▸ Directions
Keep to one stretch of the data below, the lines from the one with "Viking Geneticsin jalostusasiantuntija" up to and including the one with "弱撥水性のあるカジュアルなナ", and return that stretch exactly.

▸ Provided data

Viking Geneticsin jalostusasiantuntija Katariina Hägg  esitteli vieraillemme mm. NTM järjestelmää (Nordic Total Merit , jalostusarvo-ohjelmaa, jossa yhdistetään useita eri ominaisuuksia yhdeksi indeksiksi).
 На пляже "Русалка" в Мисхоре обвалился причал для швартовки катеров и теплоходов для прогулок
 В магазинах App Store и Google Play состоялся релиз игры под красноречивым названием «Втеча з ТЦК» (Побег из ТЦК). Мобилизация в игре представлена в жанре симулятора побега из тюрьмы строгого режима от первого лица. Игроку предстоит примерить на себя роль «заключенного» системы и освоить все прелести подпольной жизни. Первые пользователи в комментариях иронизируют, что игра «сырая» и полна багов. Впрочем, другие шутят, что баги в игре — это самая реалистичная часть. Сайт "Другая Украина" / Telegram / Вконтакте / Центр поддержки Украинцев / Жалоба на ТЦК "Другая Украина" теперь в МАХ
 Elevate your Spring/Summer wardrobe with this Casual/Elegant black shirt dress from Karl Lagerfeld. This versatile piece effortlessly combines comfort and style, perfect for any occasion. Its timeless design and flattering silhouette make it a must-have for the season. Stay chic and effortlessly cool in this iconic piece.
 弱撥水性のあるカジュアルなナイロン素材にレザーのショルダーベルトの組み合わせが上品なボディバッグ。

---

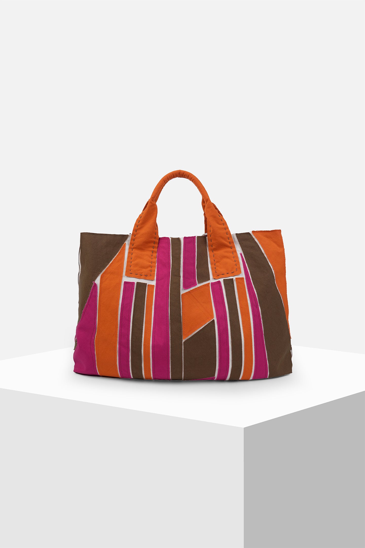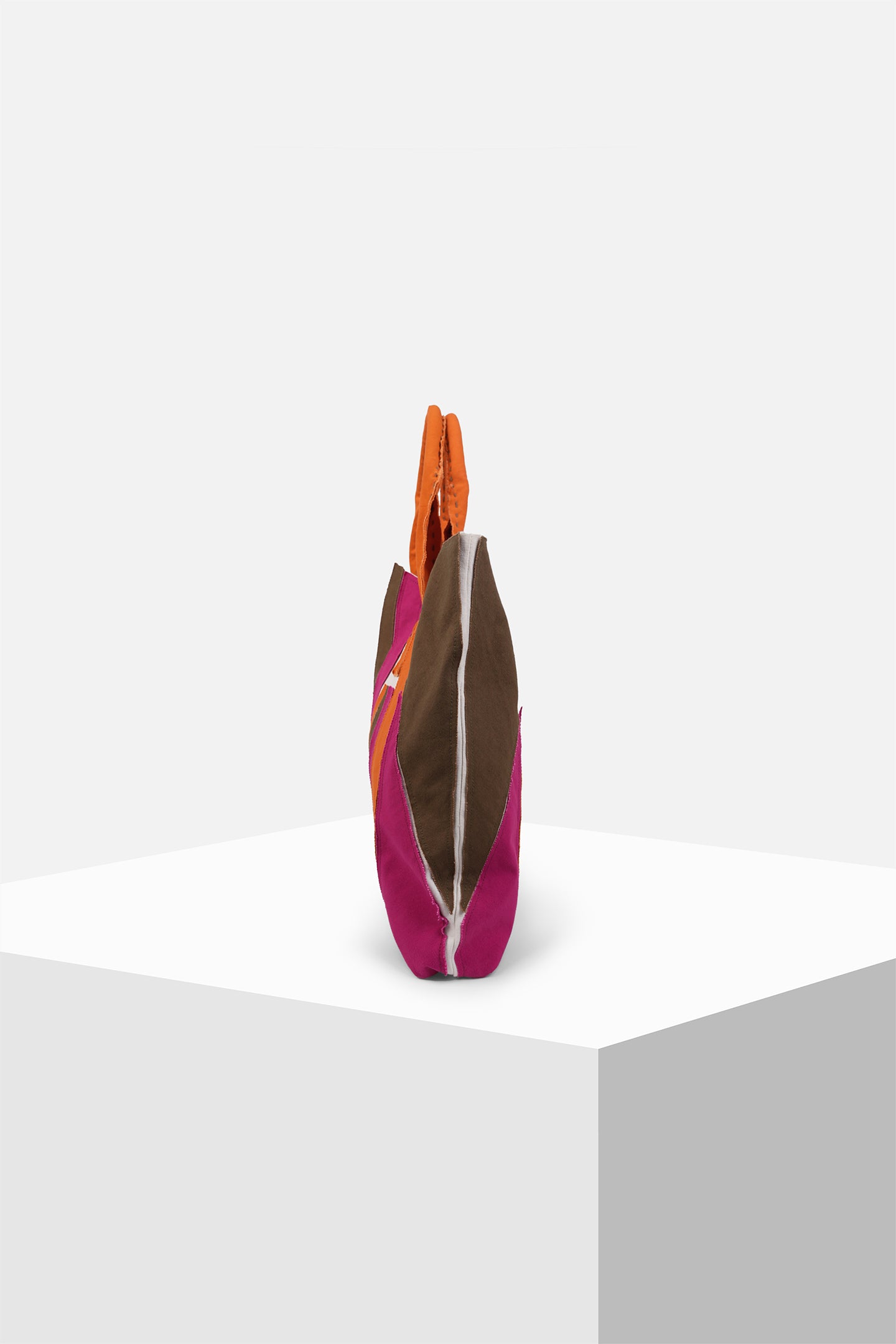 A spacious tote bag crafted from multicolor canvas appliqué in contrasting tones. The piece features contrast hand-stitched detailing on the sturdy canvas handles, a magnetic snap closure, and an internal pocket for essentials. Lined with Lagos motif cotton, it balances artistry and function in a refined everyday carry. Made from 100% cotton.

* * *

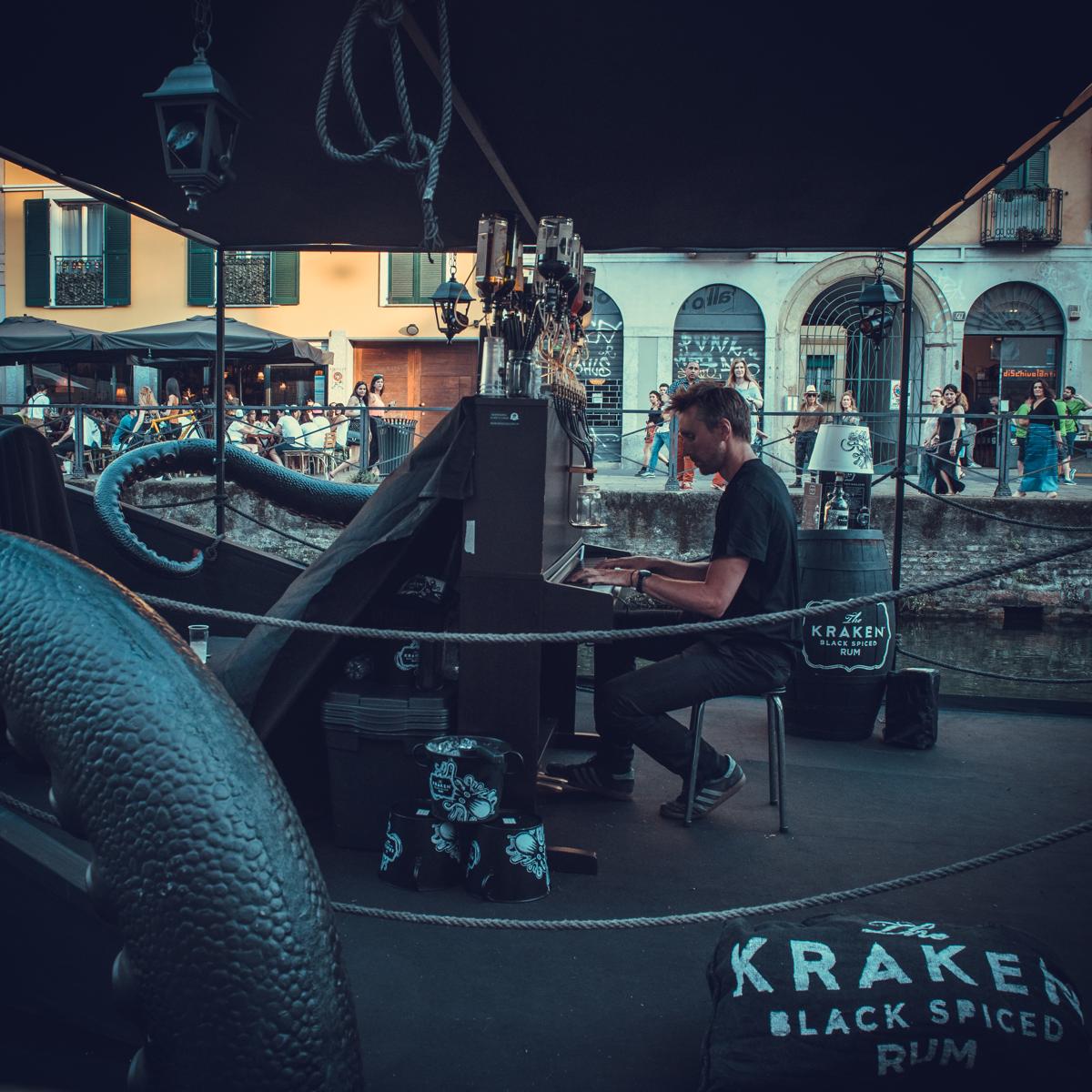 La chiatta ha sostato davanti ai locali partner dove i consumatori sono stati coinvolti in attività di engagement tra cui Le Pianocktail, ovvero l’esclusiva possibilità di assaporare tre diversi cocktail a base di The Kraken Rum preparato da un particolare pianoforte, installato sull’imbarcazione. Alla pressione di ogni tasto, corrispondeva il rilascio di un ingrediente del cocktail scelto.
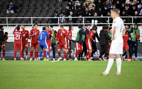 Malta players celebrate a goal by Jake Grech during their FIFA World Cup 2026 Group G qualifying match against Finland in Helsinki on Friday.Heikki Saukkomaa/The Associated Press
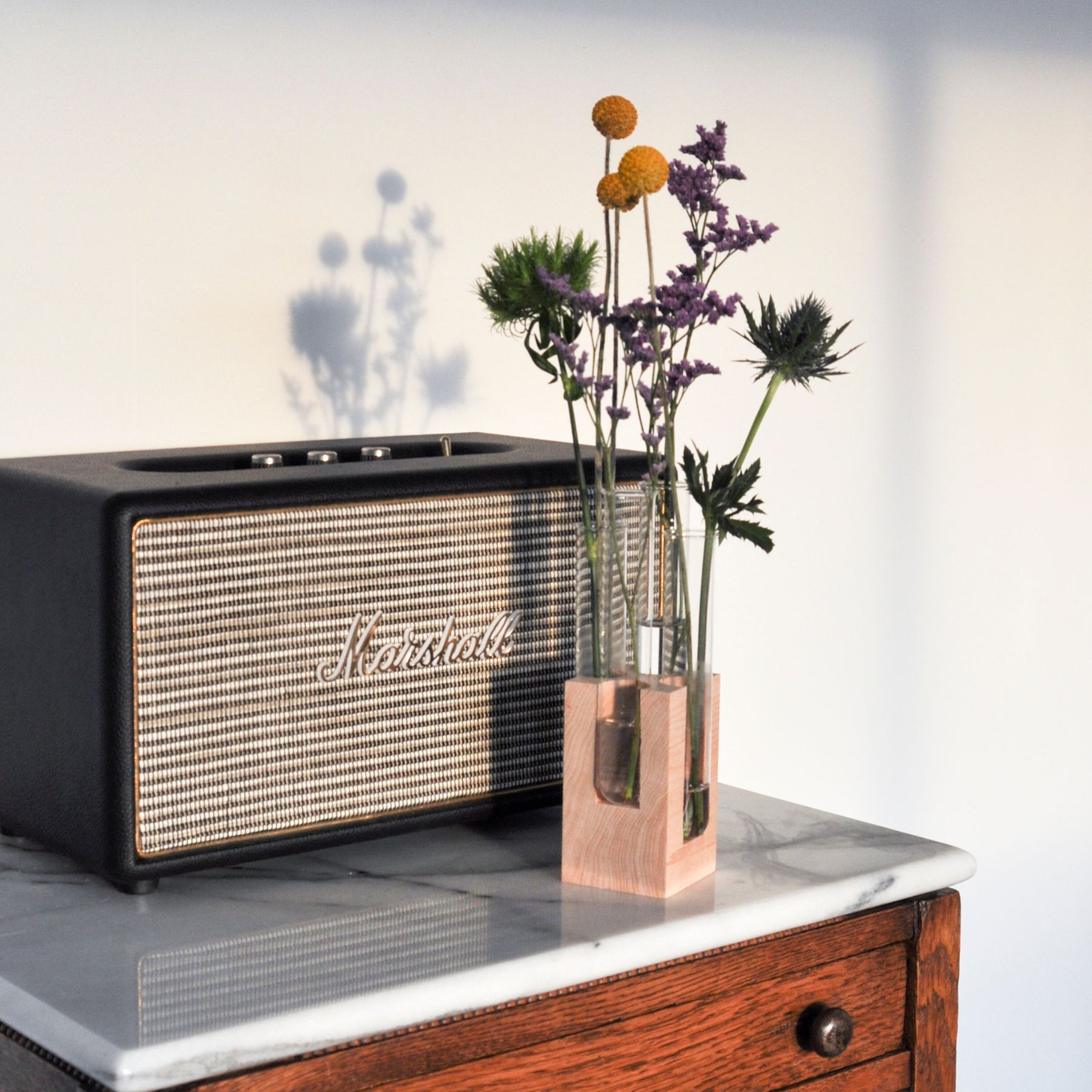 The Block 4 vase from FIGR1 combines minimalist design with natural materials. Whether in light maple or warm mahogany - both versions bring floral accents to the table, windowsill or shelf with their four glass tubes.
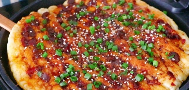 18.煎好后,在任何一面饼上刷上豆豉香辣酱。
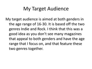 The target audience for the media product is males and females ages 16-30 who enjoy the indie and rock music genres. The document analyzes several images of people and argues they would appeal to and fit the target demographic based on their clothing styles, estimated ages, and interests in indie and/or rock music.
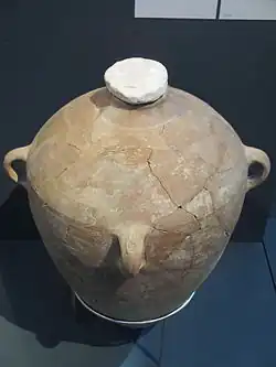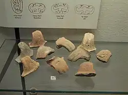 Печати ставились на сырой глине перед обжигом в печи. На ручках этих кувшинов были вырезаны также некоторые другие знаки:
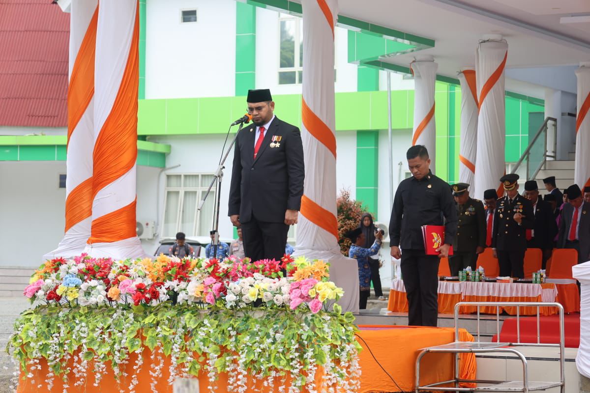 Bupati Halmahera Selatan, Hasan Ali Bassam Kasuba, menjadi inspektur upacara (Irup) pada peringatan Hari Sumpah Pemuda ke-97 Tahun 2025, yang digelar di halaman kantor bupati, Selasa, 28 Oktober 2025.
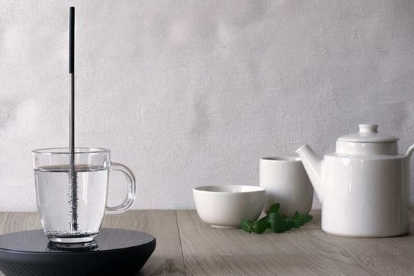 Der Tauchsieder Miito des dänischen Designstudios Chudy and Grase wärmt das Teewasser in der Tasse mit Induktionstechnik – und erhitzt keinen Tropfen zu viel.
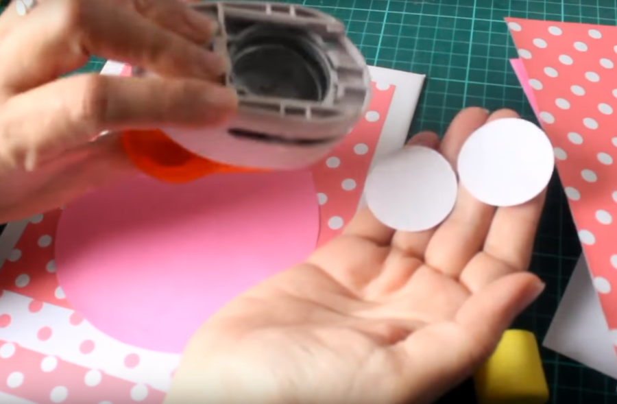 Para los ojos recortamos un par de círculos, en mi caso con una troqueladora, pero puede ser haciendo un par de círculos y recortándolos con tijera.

▸ Solution to this exercise
Viking Geneticsin jalostusasiantuntija Katariina Hägg  esitteli vieraillemme mm. NTM järjestelmää (Nordic Total Merit , jalostusarvo-ohjelmaa, jossa yhdistetään useita eri ominaisuuksia yhdeksi indeksiksi).
 На пляже "Русалка" в Мисхоре обвалился причал для швартовки катеров и теплоходов для прогулок
 В магазинах App Store и Google Play состоялся релиз игры под красноречивым названием «Втеча з ТЦК» (Побег из ТЦК). Мобилизация в игре представлена в жанре симулятора побега из тюрьмы строгого режима от первого лица. Игроку предстоит примерить на себя роль «заключенного» системы и освоить все прелести подпольной жизни. Первые пользователи в комментариях иронизируют, что игра «сырая» и полна багов. Впрочем, другие шутят, что баги в игре — это самая реалистичная часть. Сайт "Другая Украина" / Telegram / Вконтакте / Центр поддержки Украинцев / Жалоба на ТЦК "Другая Украина" теперь в МАХ
 Elevate your Spring/Summer wardrobe with this Casual/Elegant black shirt dress from Karl Lagerfeld. This versatile piece effortlessly combines comfort and style, perfect for any occasion. Its timeless design and flattering silhouette make it a must-have for the season. Stay chic and effortlessly cool in this iconic piece.
 弱撥水性のあるカジュアルなナイロン素材にレザーのショルダーベルトの組み合わせが上品なボディバッグ。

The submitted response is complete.